Lines from the beginning of the material below through the line that has "首先,沙薇代表校团委致辞。她" are to be reproduced exactly, but pictures are not.

Data excerpt START

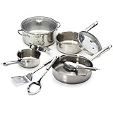 Combining high performance with a sleek design, this 10-piece cookware set includes a 1-quart covered saucepan, a 2-quart covered saucepan, a 5-quart covered Dutch oven, and a 9-1/2-inch open deep saute pan, as well as three handy tools--a spoon, a slotted spoon, and a slotted turner. Use the saucepans for breakfast oatmeal or homemade marinara sauce and the Dutch oven for soups and stews or for boiling pasta. The deep saute pan works well for chicken and rice and other one-dish meals--start by browning meats or sauteing onions, then add liquid and other ingredients to finish on the stovetop or in the oven. Each tool and long-handled pan comes with a hole at the end for convenient hanging storage when not in use.
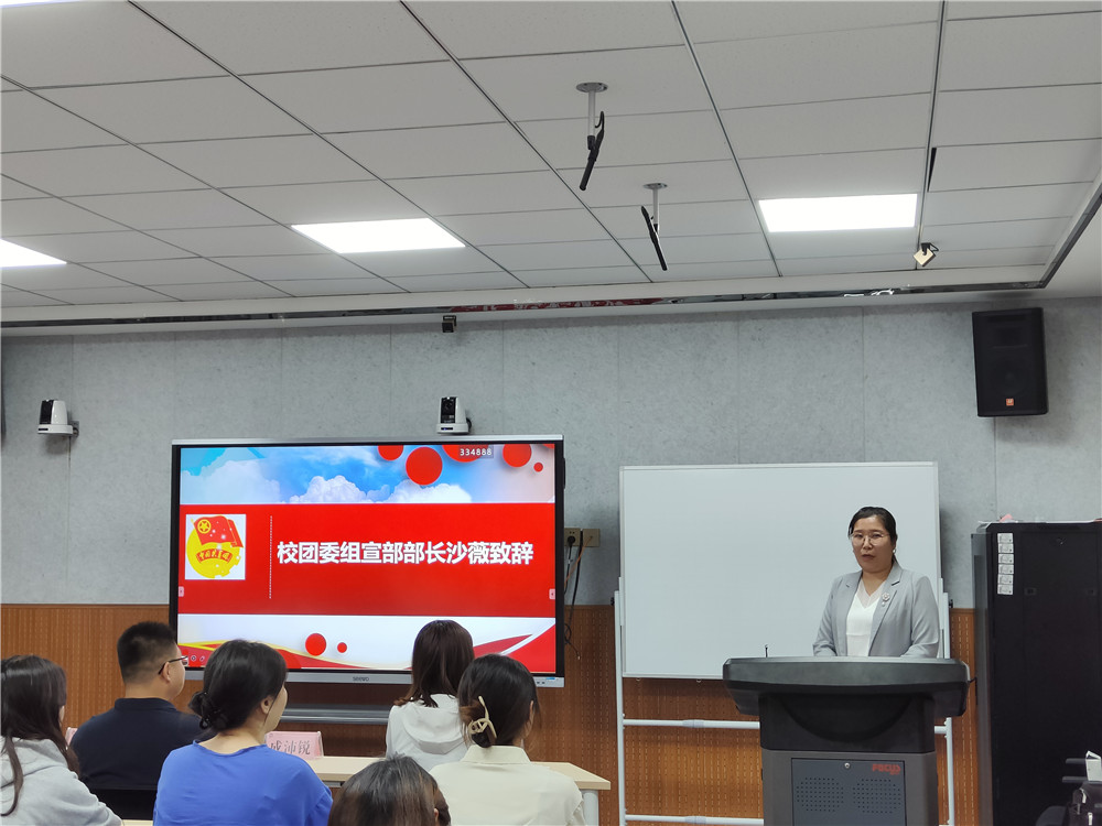 首先,沙薇代表校团委致辞。她要求金沙集团wwW3354CC学生团干部应学好团务知识,持续做好基层团支部建设。接着,对团干部寄予了殷切的期望。最后,她勉励学生团干在自己的岗位上不负组织信任,勤勉务实工作,竭诚服务和联系广大团员及青年。
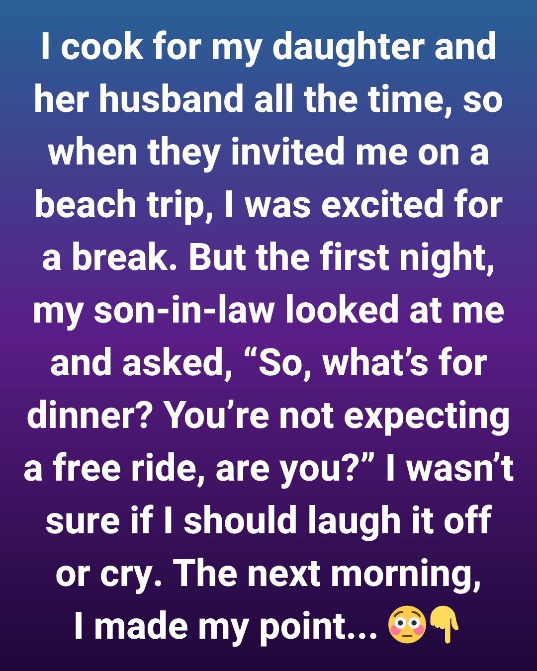 I love cooking for my daughter and her husband. Every Sunday, I bring over home-cooked meals — soups, casseroles, and her favorite lemon pie. So when they invited me on a beach trip, I was thrilled. I thought it was finally my turn to relax, to watch the waves and read a book without worrying about anyone’s dinner. But the first night, my son-in-law looked at me and said with a grin, “So, what’s for dinner? You’re not expecting a free ride, are you?”

Data excerpt END

▶ [Task response]:
 Combining high performance with a sleek design, this 10-piece cookware set includes a 1-quart covered saucepan, a 2-quart covered saucepan, a 5-quart covered Dutch oven, and a 9-1/2-inch open deep saute pan, as well as three handy tools--a spoon, a slotted spoon, and a slotted turner. Use the saucepans for breakfast oatmeal or homemade marinara sauce and the Dutch oven for soups and stews or for boiling pasta. The deep saute pan works well for chicken and rice and other one-dish meals--start by browning meats or sauteing onions, then add liquid and other ingredients to finish on the stovetop or in the oven. Each tool and long-handled pan comes with a hole at the end for convenient hanging storage when not in use.
 首先,沙薇代表校团委致辞。她要求金沙集团wwW3354CC学生团干部应学好团务知识,持续做好基层团支部建设。接着,对团干部寄予了殷切的期望。最后,她勉励学生团干在自己的岗位上不负组织信任,勤勉务实工作,竭诚服务和联系广大团员及青年。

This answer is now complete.